KINROSS GOLD CORPORATION

Reconciliation to Generally Accepted
Accounting Principles in the United States
For the three months ended March 31, 2009
(unaudited)

    Subsequent to the exchange of debt securities, the Company accounted for its share investment in Echo Bay as an available-for-sale security under US GAAP. At January 31, 2003, when the Company acquired the remaining outstanding common shares of Echo Bay, the Company retroactively restated its 2002 consolidated financial statements, prepared in accordance with US GAAP, to account for its share investment in Echo Bay on an equity basis. As a result, the Company reversed an unrealized gain of $21.8 million previously included in CDN GAAP Other Comprehensive Income ("OCI"), increased its deficit by $0.7 million to reflect its share of equity losses for the period ended December 31, 2002 and correspondingly reduced the carrying value of its investment.

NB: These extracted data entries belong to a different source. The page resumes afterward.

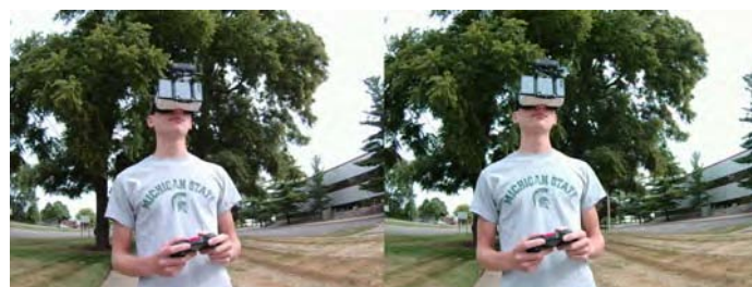
Fig. 1. Stereo images of a user operating a 3D system. The system has two video cameras, a mobile phone, a 3D viewing goggle and a game controller.

Another challenge of a 3D content sharing platform is providing a method for users to grab their own 3D photos and videos. As normal mobile phones do not allow for users to grab 3D content with the built in camera, it is necessary that they use some sort of 3D camera extension to their mobile phone, or use their own individual 3D camera all together.
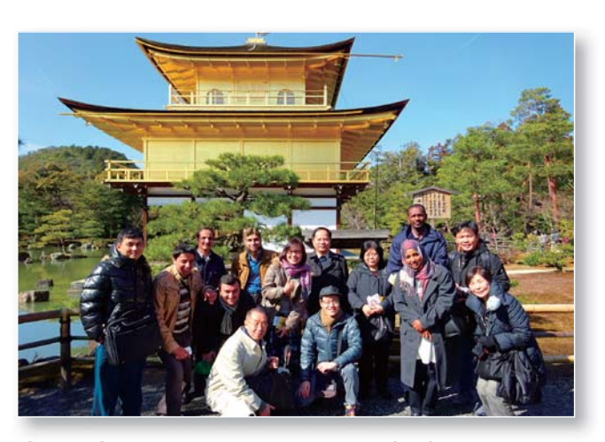
[Feb. 21] TR-21 "Quality Management of Refinery Products" (Feb. 10 – 27) History and culture excursion to Kinkakuji Temple
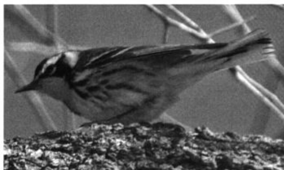
Still a rarity in California, this Yellow-throated Warbler stopped on 6 May 2007 at a small desert oasis near the Hayfield Pumping Station, Riverside County.
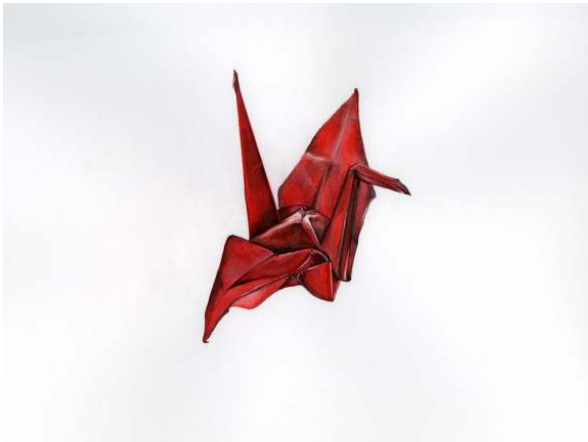
Crane mixed media on paper, 22 x 30 inches 2006
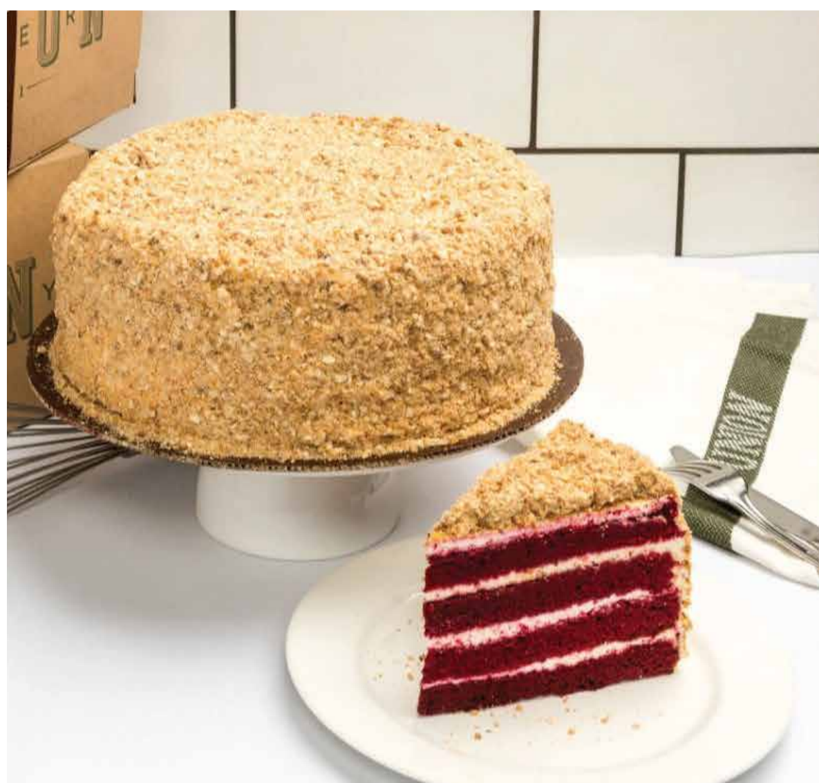
RED VELVET CAKE 800./80.
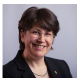
Tess White Scottish Conservative and Unionist Party
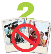
2 Polaroids are NOT recyclable.
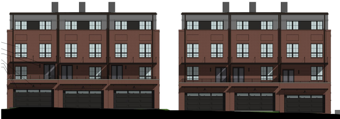
Private alley elevation
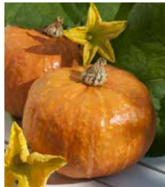
CU2898 CUCURBITA maxima 'Mooregold'

Uniform round fruits but of different sizes ranging from 2 - 5 kgs.
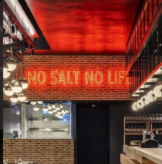
NO SALT NO LIFE
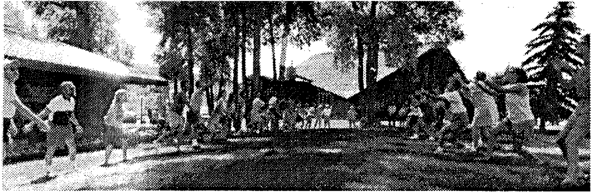
Want to play catch? Let's use an egg!
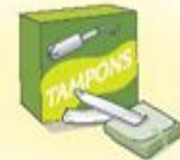
Tampons and pads

The label might say “Flushable,” but disposable wipes and other products clog septic and sewer lines and damage pumps and other equipment. Not only are these problems expensive to fix, they can also cause raw sewage overflows into homes, businesses and local waterways. So, think trash, not toilets!

In addition, the Company decreased long-term investments and recorded a share of loss in investee company of $1.0 million for the one month ended January 31, 2003 and increased long-term investments and recorded a share of income in investee company of $0.7 million during the year ended December 31, 2002. For US GAAP purposes, as a result of the business combination on January 31, 2003, the Company recognized an additional $40.8 million of goodwill representing the difference in carrying value of its share investment in Echo Bay between CDN GAAP and US GAAP.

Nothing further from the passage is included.